In a study exploring how quickly the brains of autistic adults adapt to new events in the environment, scientists in Gabrieli’s lab began to notice that ADOS seemed to have unequal effects on the participation of children. men and women looking. As the study progressed, D’Mello noticed significant brain differences between the male and female study subjects.

To dig deeper into these differences, D’Mello tried to find more female participants using an MIT database of autistic adults who expressed interest in participating in research studies. However, when she sorted the subjects, she found that only about half of the women in the database met the ADOS cut-off scores typically required for inclusion in autism studies, compared to 80% of the men.

“We then realized that there was a gap and that ADOS was essentially weeding out those who ended up participating in the research,” says D’Mello. “We were really surprised at how many men we retained and how many women we lost to ADOS.”

To see if this phenomenon was more widespread, the researchers looked at six publicly available datasets, which include more than 40,000 adults diagnosed with autism. For some of these datasets, participants were screened with ADOS to determine their eligibility to participate in the studies, while for others a “community diagnosis” – diagnosis from a physician or other healthcare provider of health – was enough.

The researchers found that in datasets that required ADOS screening for eligibility, the male-to-female ratio was around 8:1, while in those that only required community diagnosis, the ratios varied d about 2:1 to 1:1.

Previous studies have found differences between behavioral patterns in autistic men and women, but the ADOS test was originally developed using a predominantly male sample, which may explain why it often excludes women from studies. research, says D’Mello.

“There were few females in the sample that was used to create this assessment, so it may not be very good at detecting the female phenotype, which may differ in some respects, mainly in areas like social communication,” she says.

Effects of exclusion

Failure to include more women and girls in autism studies may contribute to gaps in definitions of the disorder, researchers say.

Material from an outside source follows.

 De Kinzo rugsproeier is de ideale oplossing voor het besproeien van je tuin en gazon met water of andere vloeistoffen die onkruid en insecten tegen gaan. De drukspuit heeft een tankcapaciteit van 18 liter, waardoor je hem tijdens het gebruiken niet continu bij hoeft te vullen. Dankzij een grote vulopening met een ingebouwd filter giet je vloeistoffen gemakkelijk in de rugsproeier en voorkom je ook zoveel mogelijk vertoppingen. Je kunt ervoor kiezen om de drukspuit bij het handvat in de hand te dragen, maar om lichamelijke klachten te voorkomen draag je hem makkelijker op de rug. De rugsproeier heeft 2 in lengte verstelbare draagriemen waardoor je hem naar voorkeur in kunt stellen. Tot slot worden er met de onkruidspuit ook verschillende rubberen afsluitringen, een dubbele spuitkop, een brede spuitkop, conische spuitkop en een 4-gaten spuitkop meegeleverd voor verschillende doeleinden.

“The way we think about it is that the field may have developed an implicit bias in how autism is defined, and it’s been disproportionately driven by male analysis and male recruitment, etc. .”, explains Gabrieli. “So the definition doesn’t fit as well, on average, with the different expression of autism that seems to be more common in women.”

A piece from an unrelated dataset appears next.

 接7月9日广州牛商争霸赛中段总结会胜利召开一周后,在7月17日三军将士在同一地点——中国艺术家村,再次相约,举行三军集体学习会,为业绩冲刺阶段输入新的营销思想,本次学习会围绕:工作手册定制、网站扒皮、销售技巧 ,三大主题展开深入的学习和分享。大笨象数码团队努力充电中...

This implicit bias has led to documented difficulties in receiving a diagnosis for girls and women, even when their symptoms are the same as those exhibited by autistic boys and men.

“A lot of women could be completely overlooked in terms of diagnoses, and then our study shows that in research, what’s already a small pelvis shrinks at a much higher rate than men do,” says D’Mello. .

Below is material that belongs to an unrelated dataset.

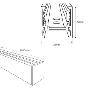 Rail magnétique 2627 de surface et suspendu - 20mm - 48V - 2 mètres

Excluding girls and women from this type of research study may lead to treatments not working as well for them, and it contributes to the perception that autism does not affect women as much as men.

“The goal is for research to directly inform treatment, therapies and public perception,” D’Mello says. “If research indicates that there are no women with autism, or that the brain basis of autism only resembles established patterns in men, then you’re not really helping women as much. than you might be, and you’re not really understanding the truth about what the disorder might be.

The researchers now plan to further explore some of the gender and sex-based differences that appear in autism, and how they arise. They also plan to expand the gender categories they include. In the current study, the surveys each participant completed asked them to choose male or female, but the researchers updated their questionnaire to include non-binary and transgender options.

The research was funded by the Hock E. Tan and K. Lisa Yang Center for Autism Research, the Simons Center for the Social Brain at MIT, and the National Institutes of Mental Health.